## Data for this exercise
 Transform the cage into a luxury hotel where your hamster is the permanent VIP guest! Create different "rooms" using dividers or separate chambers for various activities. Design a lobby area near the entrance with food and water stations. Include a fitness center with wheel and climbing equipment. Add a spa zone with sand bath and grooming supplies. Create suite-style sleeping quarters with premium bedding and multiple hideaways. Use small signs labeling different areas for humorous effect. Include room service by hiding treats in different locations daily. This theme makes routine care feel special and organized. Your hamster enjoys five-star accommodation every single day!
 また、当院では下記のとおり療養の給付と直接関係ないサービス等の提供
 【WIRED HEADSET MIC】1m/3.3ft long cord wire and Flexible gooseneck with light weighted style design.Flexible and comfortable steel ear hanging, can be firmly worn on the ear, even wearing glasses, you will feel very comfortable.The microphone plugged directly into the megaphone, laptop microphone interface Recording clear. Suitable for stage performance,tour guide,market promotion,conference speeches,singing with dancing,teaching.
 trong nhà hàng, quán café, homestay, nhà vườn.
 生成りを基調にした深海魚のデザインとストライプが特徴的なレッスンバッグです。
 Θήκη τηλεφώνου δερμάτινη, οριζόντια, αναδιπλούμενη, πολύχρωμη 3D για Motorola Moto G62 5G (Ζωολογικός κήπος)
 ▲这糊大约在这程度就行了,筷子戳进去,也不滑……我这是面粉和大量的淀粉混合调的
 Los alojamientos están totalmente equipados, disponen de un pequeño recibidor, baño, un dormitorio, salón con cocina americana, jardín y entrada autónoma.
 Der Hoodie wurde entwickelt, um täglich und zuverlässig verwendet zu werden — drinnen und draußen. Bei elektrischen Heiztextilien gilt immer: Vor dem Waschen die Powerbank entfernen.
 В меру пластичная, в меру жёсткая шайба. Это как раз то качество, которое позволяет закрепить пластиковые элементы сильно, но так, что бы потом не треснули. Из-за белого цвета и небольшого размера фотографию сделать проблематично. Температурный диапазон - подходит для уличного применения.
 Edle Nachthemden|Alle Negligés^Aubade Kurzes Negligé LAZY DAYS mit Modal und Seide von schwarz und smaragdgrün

## What is required
In full and without change, transcribe the entries.

## Task answer
 Transform the cage into a luxury hotel where your hamster is the permanent VIP guest! Create different "rooms" using dividers or separate chambers for various activities. Design a lobby area near the entrance with food and water stations. Include a fitness center with wheel and climbing equipment. Add a spa zone with sand bath and grooming supplies. Create suite-style sleeping quarters with premium bedding and multiple hideaways. Use small signs labeling different areas for humorous effect. Include room service by hiding treats in different locations daily. This theme makes routine care feel special and organized. Your hamster enjoys five-star accommodation every single day!
 また、当院では下記のとおり療養の給付と直接関係ないサービス等の提供
 【WIRED HEADSET MIC】1m/3.3ft long cord wire and Flexible gooseneck with light weighted style design.Flexible and comfortable steel ear hanging, can be firmly worn on the ear, even wearing glasses, you will feel very comfortable.The microphone plugged directly into the megaphone, laptop microphone interface Recording clear. Suitable for stage performance,tour guide,market promotion,conference speeches,singing with dancing,teaching.
 trong nhà hàng, quán café, homestay, nhà vườn.
 生成りを基調にした深海魚のデザインとストライプが特徴的なレッスンバッグです。
 Θήκη τηλεφώνου δερμάτινη, οριζόντια, αναδιπλούμενη, πολύχρωμη 3D για Motorola Moto G62 5G (Ζωολογικός κήπος)
 ▲这糊大约在这程度就行了,筷子戳进去,也不滑……我这是面粉和大量的淀粉混合调的
 Los alojamientos están totalmente equipados, disponen de un pequeño recibidor, baño, un dormitorio, salón con cocina americana, jardín y entrada autónoma.
 Der Hoodie wurde entwickelt, um täglich und zuverlässig verwendet zu werden — drinnen und draußen. Bei elektrischen Heiztextilien gilt immer: Vor dem Waschen die Powerbank entfernen.
 В меру пластичная, в меру жёсткая шайба. Это как раз то качество, которое позволяет закрепить пластиковые элементы сильно, но так, что бы потом не треснули. Из-за белого цвета и небольшого размера фотографию сделать проблематично. Температурный диапазон - подходит для уличного применения.
 Edle Nachthemden|Alle Negligés^Aubade Kurzes Negligé LAZY DAYS mit Modal und Seide von schwarz und smaragdgrün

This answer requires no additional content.